We draw straight lines from today into tomorrow.
Life rarely follows those lines.
Instead, it introduces detours.
Some small.
Some enormous.
This year was full of detours.
There were moments when I felt frustrated.
Moments when I felt exhausted.
Moments when I felt trapped inside systems that seemed larger than any individual could fully understand.
There were also moments when I learned things I never would have learned otherwise.
How institutions work.
How procedures influence outcomes.
How uncertainty affects the human mind.
How resilience quietly develops when there is no alternative.
Looking back now, I realise that the most important lessons were not legal.
They were personal.
I learned that stress can become so familiar that we stop noticing it.

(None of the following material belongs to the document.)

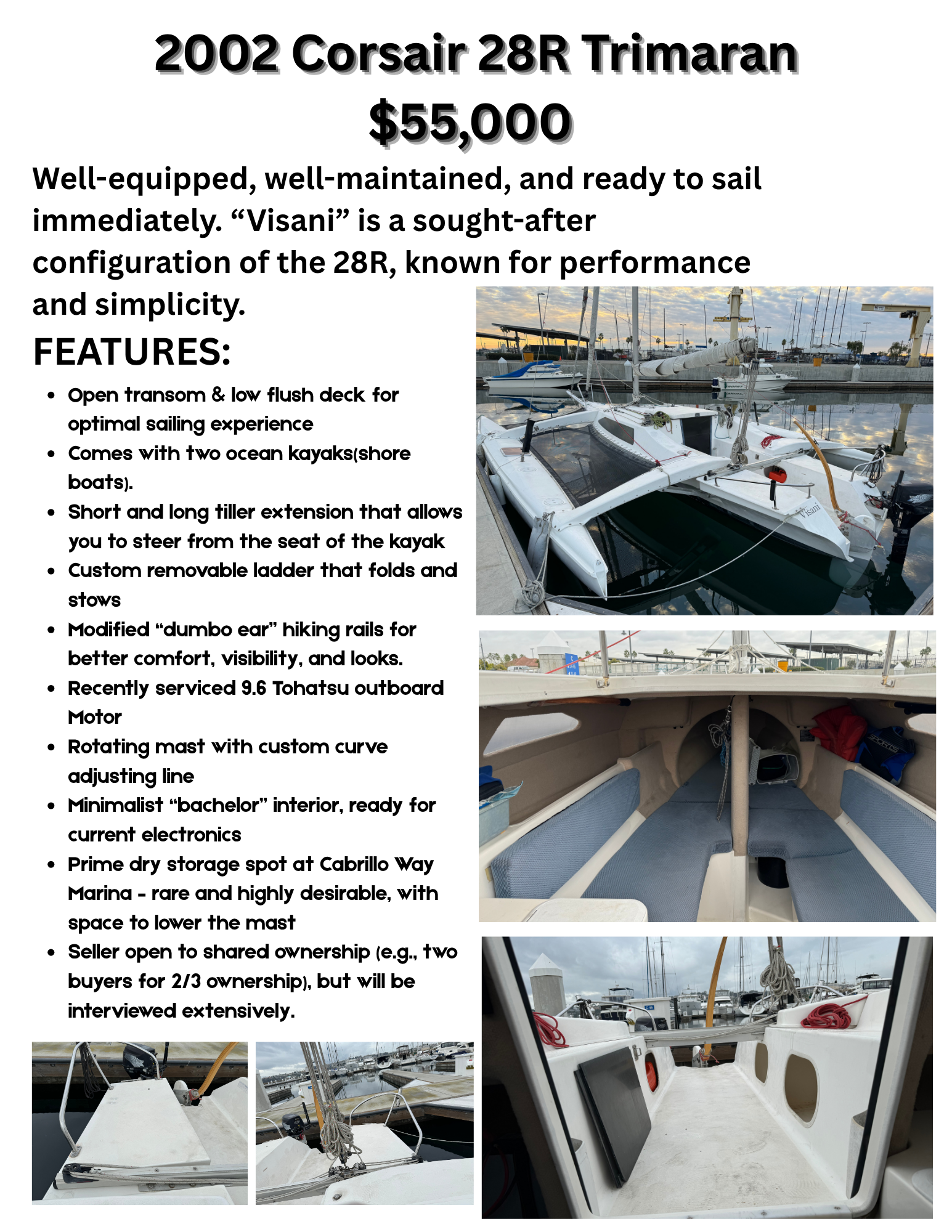 Well equipped and well maintained 2002 Corsair 28R with the sought after Visani configuration! Most notable besides the boat itself is that it comes with a very rare and desirable dry storage space at the Cabrillo Marina. More details are located on the flyer in the first pic. Serious buyers only. I am selling for the owner. If interested, I will make an appointment to meet with the owner and see the boat. Reasonable offers will be considered, but lowballers will be ignored. Happy to answer any questions!

I learned that survival and living are not the same thing.
I learned that peace is something that must be protected.
I learned that ordinary life is far more valuable than I once realised.
A cup of tea.
A conversation with a friend.
A flower opening in the garden.
A day without urgency.
These things once seemed ordinary.
Now they feel extraordinary.
Perhaps that is what difficult years do.
They change our definition of wealth.
Not financial wealth.
Human wealth.
Time.
Health.
Friendship.
Calm.
Meaning.
As I stand here now, I do not see this year as a story of victory or defeat.
That would be too simple.
Instead, I see it as a year of education.
A year that taught me things I never wanted to learn, but am strangely grateful to know.
A year I never expected.
A year I will never forget.
And perhaps, years from now, when the details have faded, that is what I will remember most:
Not the documents.
Not the deadlines.
Not the arguments.
But the person I became while moving through them.